Algorithms for Approximate Subtropical Matrix Factorization

TL;DR

This paper introduces algorithms for approximate matrix factorization under subtropical algebra, enabling the extraction of interpretable, winner-takes-all patterns from data with various noise types and error metrics.

Contribution

It presents a novel framework and two algorithms, Capricorn and Cancer, for low-rank subtropical matrix factorizations applicable to noisy data.

Findings

Algorithms perform well on subtropical-structured data.

They produce sparse, interpretable factorizations.

Effective with different noise types and error metrics.

Abstract

Matrix factorization methods are important tools in data mining and analysis. They can be used for many tasks, ranging from dimensionality reduction to visualization. In this paper we concentrate on the use of matrix factorizations for finding patterns from the data. Rather than using the standard algebra -- and the summation of the rank-1 components to build the approximation of the original matrix -- we use the subtropical algebra, which is an algebra over the nonnegative real values with the summation replaced by the maximum operator. Subtropical matrix factorizations allow "winner-takes-it-all" interpretations of the rank-1 components, revealing different structure than the normal (nonnegative) factorizations.
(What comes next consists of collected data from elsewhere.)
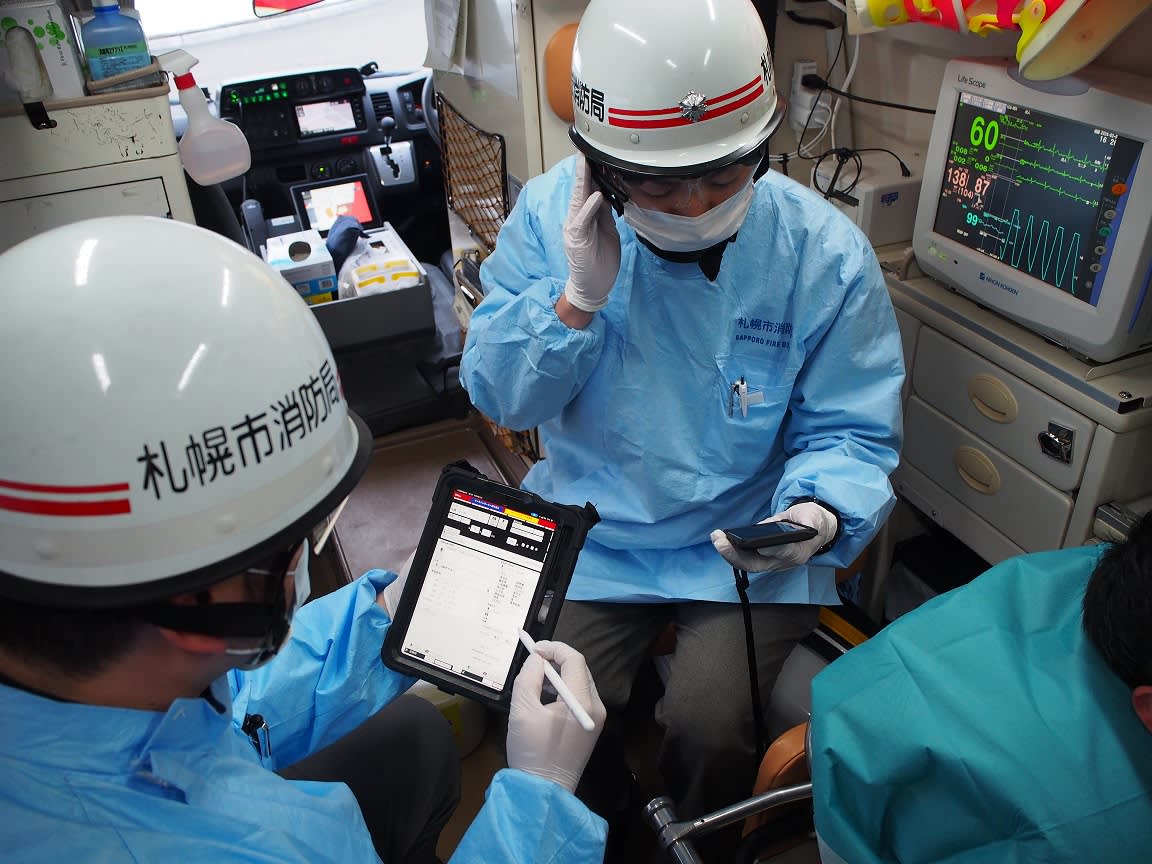 救急隊が病院へ傷病者の受け入れを要請する際、以前は救急車内で患者からヒアリングした手書きのメモをもとに、電話で患者説明のプレゼンテーションをしていました。現在は、モバイル端末に入力した情報を病院に送信します。これにより情報伝達の精度が上がりました。文字情報に加え、現場の写真も前もって共有できるので、病院側は患者の症状や重症度を多くの情報から推測できます。救急隊の到着前に適切な検査や処置を予測し、その準備を整えることができるのです。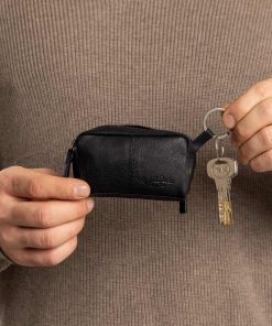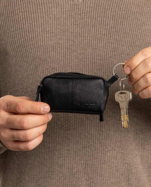 The “Butler’s” compact pocket size makes it particularly handy and versatile. Equipped with two separate, securely lockable compartments, the larger compartment features a practical key ring for your keys, while the smaller compartment is ideal for coins, a shopping token, or folded banknotes. The high-quality genuine leather fabric not only gives the “Butler” support and stability, but also an elegant appearance, making it a stylish companion for your everyday life.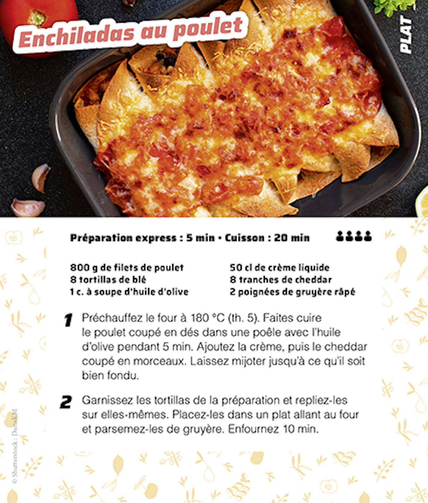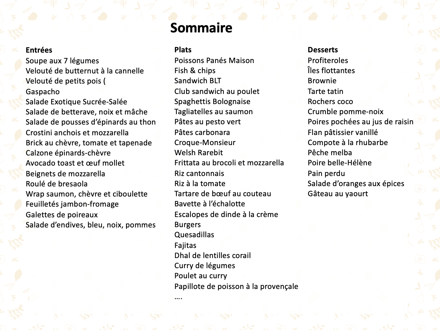 – 1 porte-fiches aimanté contenant 30 fiches de recettes recto/verso, soit 60 recettes express et gourmandes (entrées, plats et desserts).

We study the complexity and sparsity of the factorizations, and present a framework for finding low-rank subtropical factorizations. We present two specific algorithms, called Capricorn and Cancer, that are part of our framework. They can be used with data that has been corrupted with different types of noise, and with different error metrics, including the sum-of-absolute differences, Frobenius norm, and Jensen--Shannon divergence. Our experiments show that the algorithms perform well on data that has subtropical structure, and that they can find factorizations that are both sparse and easy to interpret.